A common theme not only in software but other industries: Beware of people selling you advice. They are the ones who will breed dogmatic illogical cargo-cults of people whose only rebuttal when questioned is some variant of "because someone who sold me this book that claims it'll make my code better said so", and that can't be a good thing in general.
but we assume that Martin doesn't literally mean that every function in our entire application must be four lines long or less.
Unfortunately I have worked (and fortunately, briefly!) with codebases like that --- not surprisingly, in Java. In addition to the complexity of whatever the code is doing, smashing things into tiny pieces also adds its own complexity. The fact that a short function is "easily understandable" on its own, which is what a lot of proponents of this dogma argue, is useless for understanding the functioning of the whole. The latter is far more important when debugging.
Function length is ultimately meaningless. I'd rather have a 5000-line function that reads top-to-bottom, than 1000 5-line functions if it means I don't have to jump around several-dozen-level-deep callstacks and try to keep track of 30+ character long identifiers to understand how the thing works.
Have you worked with 5000 line functions? Just trying to set breakpoints in them at meaningful points is a nightmare.
Give me 1000 5-line functions any day - providing of course they have sensible names (and ideally don't cause unexpected side-effects etc., though when a function is 5-lines long, that's fairly easy to spot; in a 5000-line function, fuhgeddaboudit. My personal guideline is "it should fit on a screen" (at a window/font size you'd normally edit code at - it doesn't vary that much from dev to dev.)

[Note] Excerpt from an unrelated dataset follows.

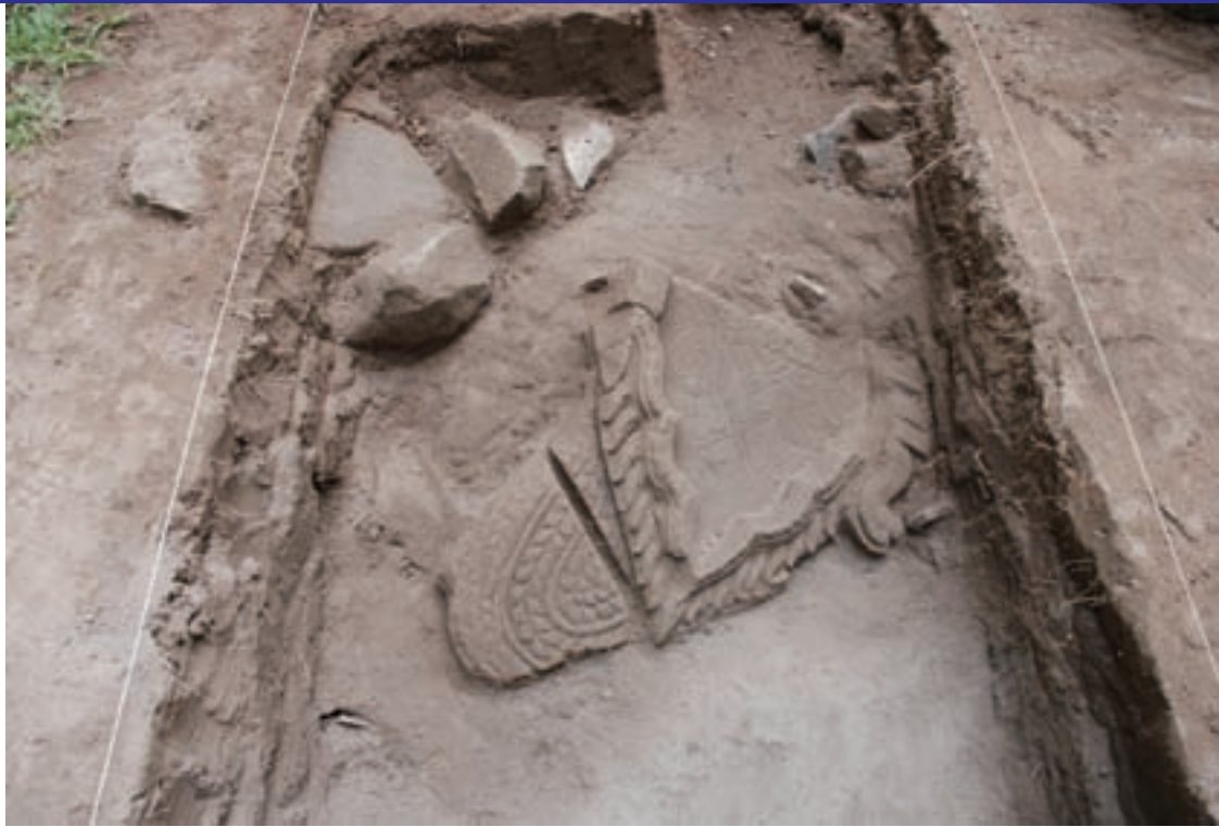
仏像の頭部（左上）および光背部（中央）出土状況：第11次調査 仏像の頭部は下を向いており、表情は見えない。

Unearthed Buddha's head (upper left) and the parts of Buddha's halo (center) in the 11 th investigation

> and ideally don't cause unexpected side-effects etc., though when a function is 5-lines long, that's fairly easy to spot
Not easy to spot side effects if the 5 line function calls 999 other 5 line functions, which you have to do if you replace 1 function with 1000 functions. When people start to arbitrarily break up tightly coupled implementations into tiny functions you will get a much worse mess than if they just kept it as big as it was when they developed it.
Small functions are great, but forcing people to write small functions is not great. They are two different things.
Yes I have, and some even approaching 10kl. It's actually easier when you only have one "dimension" to worry about, and can simply scroll up and down instead of having to jump around between functions, or worse, files.
That said, a lot of these huge functions were basically for implementing defined step-by-step processes, and comments delineated the sections as well as loop and condition ends.
I have, at two different companies, in fact, and 1000-line chubbers at a couple of others. The 5000 line functions weren't great, but they weren't that bad because the code was pretty straightforward, doing one thing after another top to bottom.
Over time they all got gradually broken down into smaller functions/methods.
(Disclaimer: I was not the original author of any of these.)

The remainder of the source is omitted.